Attentats: les footballeurs français à Londres avec Paris en tête

L’équipe de France de football affronte son homologue anglaise à Londres, ce 17 novembre 2015, afin de préparer le Championnat d’Europe des nations 2016 (10 juin-10 juillet). Trois jours après les attentats de Paris et du Stade de France (129 morts), les Bleus ne peuvent et ne veulent toutefois pas faire abstraction de ce drame.



De l’état des esprits des joueurs de l’équipe de France de football, après les attentats de Paris et de Saint-Denis, on ne connaissait que quatre facettes jusqu’à présent. Il y a d’abord eu le regard interloqué du défenseur Patrice Evra, lorsqu’une première bombe a explosé juste en dehors du Stade de France, en plein match contre l’Allemagne.
Après la victoire 2-0, les joueurs ont manifesté leur tristesse et leur solidarité envers les victimes (129 morts et plus de 350 blessés), à travers des tweets notamment. Puis, l’attaquant Antoine Griezmann a révélé que sa sœur, présente lors du concert au Bataclan, l’avait échappée belle. Enfin, le milieu de terrain Lassana Diarra a annoncé qu’une de ses cousines avait trouvé la mort, ce 13 novembre 2015.
Lloris : « On reste humain on avait des doutes »
Aujourd’hui, on sait que les kamikazes ont voulu pénétrer dans le Stade de France. Dans un tel contexte, comment avoir la tête au football et disputer un match face à l’Angleterre, ce 17 novembre à Londres ?
« Lors de drames de ce genre, on a forcément envie de retrouver les siens, explique  Hugo Lloris, le capitaine des Bleus, durant une conférence de presse. Mais tout s’est passé très vite. On n’était pas coupé du monde ces derniers jours. On a beaucoup parlé de ces événements dramatiques, qu’on a suivis par la télévision et par internet. Mais on reste humain on avait des doutes.
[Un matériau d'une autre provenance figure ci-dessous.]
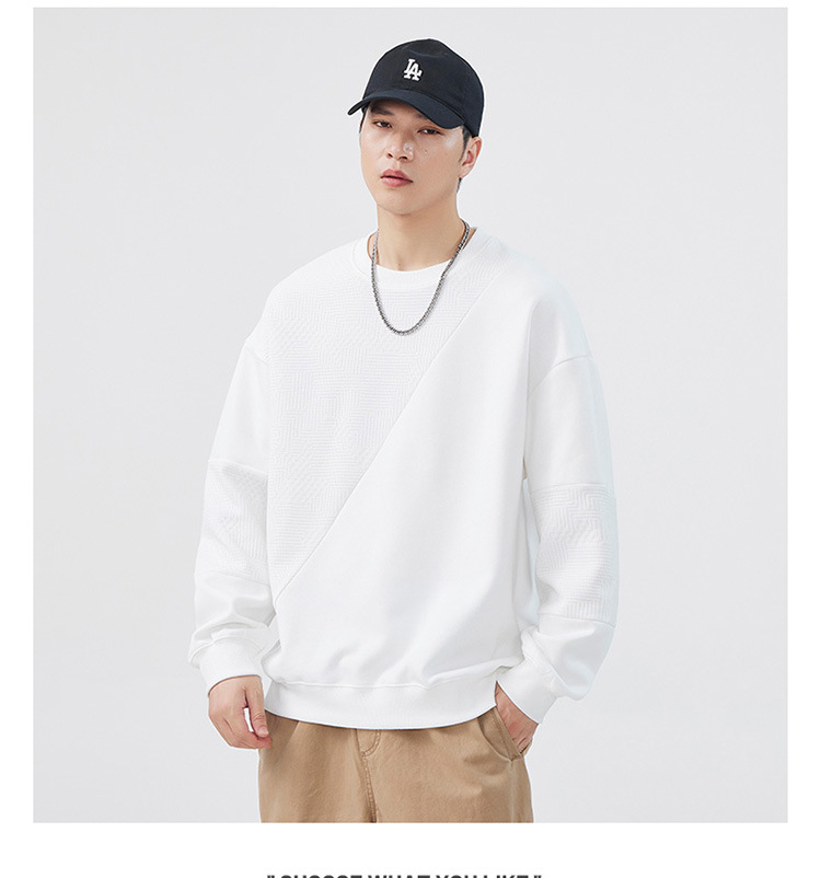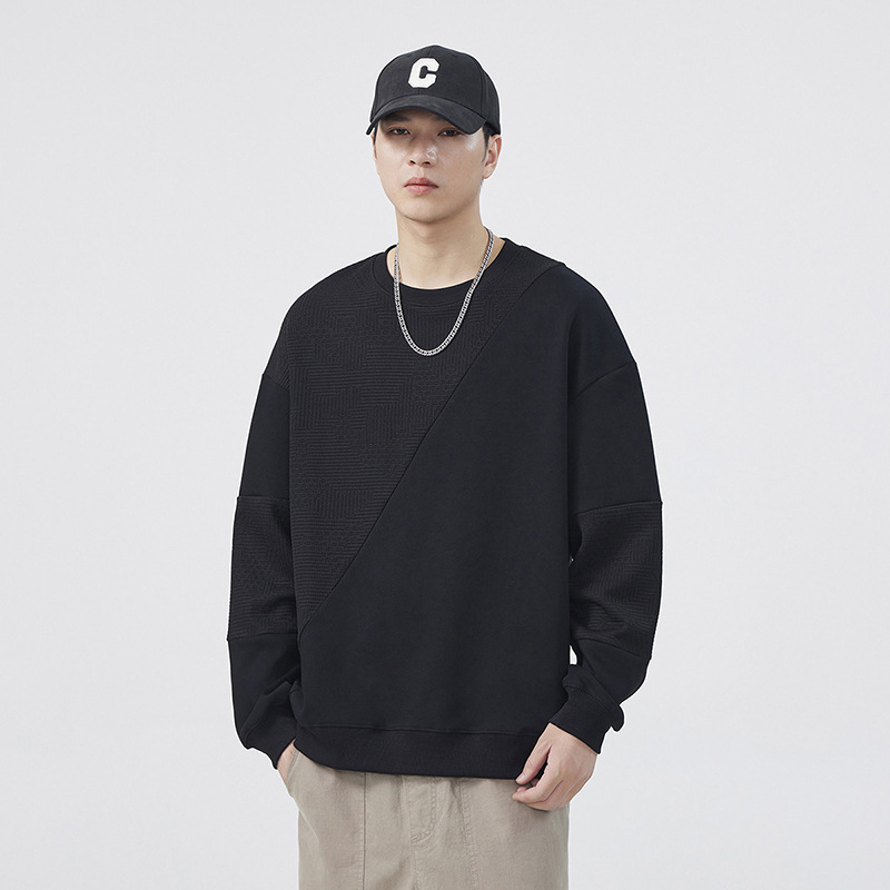 디자인 센스 스티칭 대조 컬러 라운드 넥 스웨트 셔츠 남성용 봄 패션 브랜드 자카드 텍스처 탑 루즈 캐주얼 재킷스토어 가기

Jouer ou pas ? Rentrer auprès des nôtres ? Mais tout ça a été très bien géré par le coach (Didier Deschamps) et le président (de la Fédération française Noël Le Graët, ndlr) ». Il a ajouté : « C'était très dur mais on se doit de jouer ce match, ne serait-ce que pour notre pays et les victimes et ce sera un moment particulier lors de l'hymne national. »
Si la question d’annuler le match à Wembley s’est posée, elle n’a plus de sens, selon Didier Deschamps. « Je crois que ça sert à rien de revenir sur cette décision prise samedi matin, s’est agacé le sélectionneur tricolore. Nous sommes là pour représenter notre pays avec toujours plus de fierté ».
Préparer l’Euro 2016 malgré tout
Le Championnat d’Europe des nations (10 juin-10 juillet) en France débute dans moins de sept mois. La menace terroriste, qui planait sur cet événement, s’est concrétisée avec les trois attentats-suicides à Saint-Denis. Des voix s’élèvent déjà pour demander le report et/ou la délocalisation du tournoi. « Si on ne peut pas faire l'Euro au Stade de France, il faut le donner à quelqu'un d'autre », a ainsi déclaré Just Fontaine à l’AFP. L’ex-attaquant de 82 ans a ajouté :« La sécurité sera encore plus difficile à tenir pour la France. Je souhaite que ce soit le dernier (attentat) mais je ne sais pas ce que (les djihadistes) ont dans la tête ».
Hugo Lloris, lui, préfère ne pas penser à tout ça : « La question ne se pose pas encore. On est concentrés sur le match de demain. Le plus important est d’être ensemble et de partager ce moment tous ensemble. Si des dispositions sont à prendre elles seront prises. ».
La confédération européenne de football a, de son côté, annoncé le maintien de l’Euro 2016 en France, aux dates prévues.
Un hommage des Anglais
Quoiqu’il arrive, l’émotion devrait être au rendez-vous, ce mardi soir. La presse britannique a invité la population à apprendre les paroles de l’hymne français, La Marseillaise. Le stade de Wembley s’est déjà paré de bleu, de blanc et de rouge.
L’attaquant vedette de l’équipe d’Angleterre, Wayne Rooney a déclaré, solennel : « Ce sera difficile pour les joueurs français, mais je suis sûr que ce sera une opportunité pour eux de rendre leur pays fier. » « Ce match n’aura pas qu’une dimension sportive, mais bien plus », a confirmé Didier Deschamps.